TOP ABSTRACT INTRODUCTION MATERIALS AND METHODS RESULTS DISCUSSION REFERENCES

 
Cells of the uterine endometrium and conceptus undergo a series of well-coordinated transformations during mammalian embryo implantation. Before invading the endometrial stroma, mouse primary trophoblast cells differentiate to an adhesive stage, which is characterized by increased fibronectin-binding activity (FBA), expression of ₅ß₁ integrin on the apical surface, and initiation of trophoblast outgrowth on fibronectin [1, 2]. This phenotypic transformation of the trophoblast cells is influenced by the maternal environment, which provides biologically active factors that regulate embryonic differentiation and uterine receptivity for implantation [3].

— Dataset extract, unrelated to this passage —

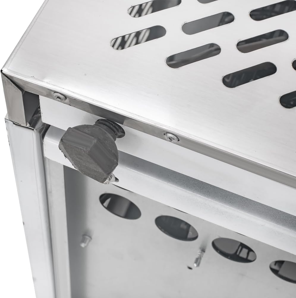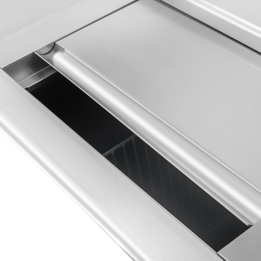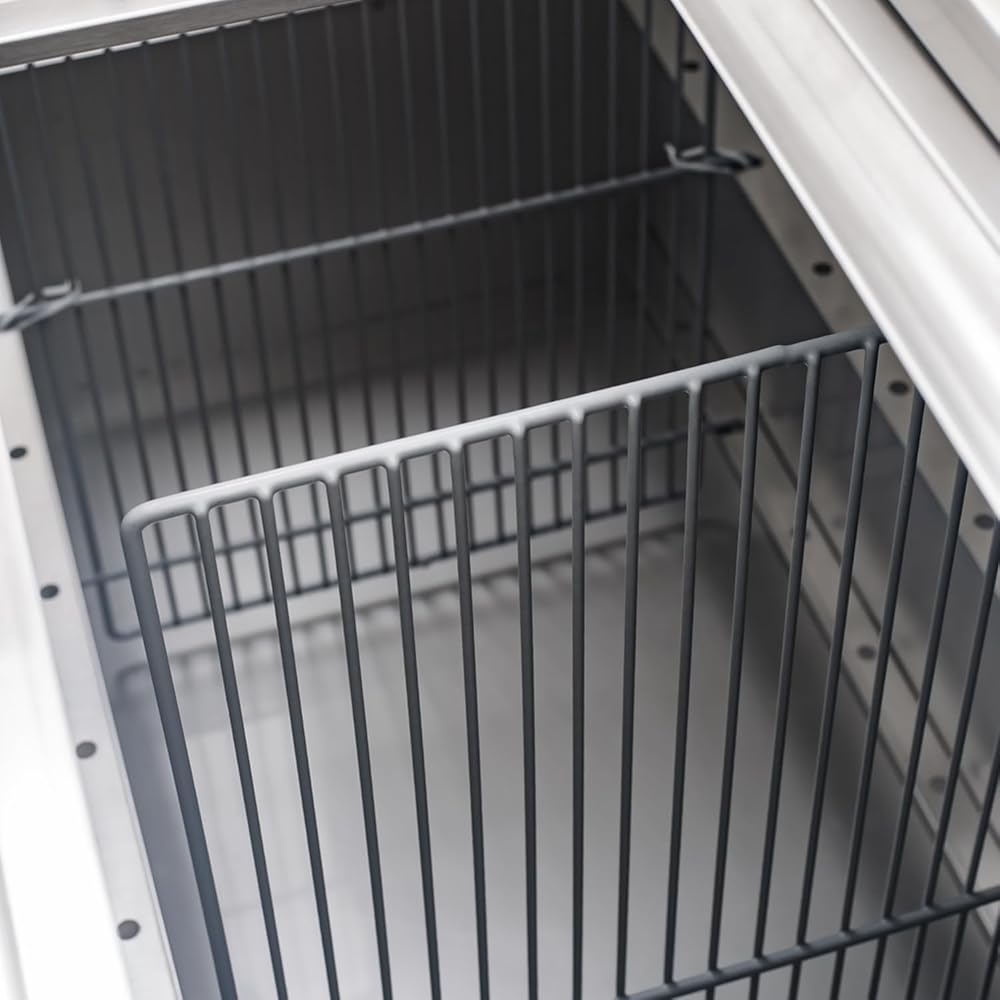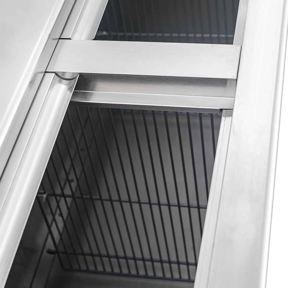 Crafted from commercial-grade 304 stainless steel, the exterior resists corrosion, fingerprints, and is easy to clean. The sturdy handle and smooth-rolling casters ensure effortless mobility for cleaning or layout changes.

Anandamide (N-arachidonoylethanolamine) is a derivative of arachidonic acid that is synthesized in the pregnant mouse uterus at concentrations much higher than those found in the central nervous system [4–6]. Anandamide is one of the endogenous ligands for cannabinoid receptors, which are members of the G protein (G_i)-coupled receptor family [7–9]. Activation of cannabinoid receptors influences multiple intracellular signaling pathways by inhibiting adenylate cyclase activity [10, 11] and attenuating Ca²⁺ influx [10, 12]. Anandamide also activates focal adhesion kinase [13] and mitogen-activated protein kinase [14].

Two types of cannabinoid receptors have been identified. The brain-type cannabinoid receptor (CB1-R) is expressed primarily within the nervous system, and the spleen-type receptor (CB2-R) is expressed in many cells of the immune system [7, 8]. These two receptor isotypes exhibit similar ligand affinity, and the activation of both receptors inhibits cAMP accumulation. However, the activation of CB1-R inhibits N- and Q-type Ca²⁺ channels and activates K⁺ channels, while that of CB2-R appears to have no effect on cytosolic levels of either Ca²⁺ or K⁺ [10, 12]. Both CB1-R and CB2-R mRNAs are expressed in mouse preimplantation embryos [5], indicating that mouse preimplantation development could be influenced by ligand-receptor signaling mediated by endogenous cannabinoids.

Cannabinoids adversely affect fertilizing capacity of sperm and other reproductive activities [15–18]. Exposure of 2-cell mouse embryos to active cannabinoids is inhibitory to blastocyst cavitation, trophoblast proliferation, and hatching from the zona pellucida, and these effects are mediated by embryonic CB1-R [5, 6, 19]. The levels of uterine anandamide are inversely related to uterine receptivity for implantation; down-regulation is associated with uterine receptivity, while up-regulation is correlated with uterine refractoriness to blastocyst implantation. Further, anandamide levels are highest in the interimplantation sites and lowest at the sites of implantation [6]. Thus, the presence of cannabinoid receptors in embryos and anandamide in the uterus suggests that intracellular signaling initiated by cannabinoid-like ligands plays an important role in regulating periimplantation trophoblast development [5, 19]. Indeed, low levels of anandamide may be requisite for blastocyst growth and differentiation during implantation. Another endogenous cannabinoid-like ligand, sn-2 arachinonyl glycerol (2-AG), is produced by the neuronal cells [20]. Whether this lipid mediator is produced by the uterus is not yet known.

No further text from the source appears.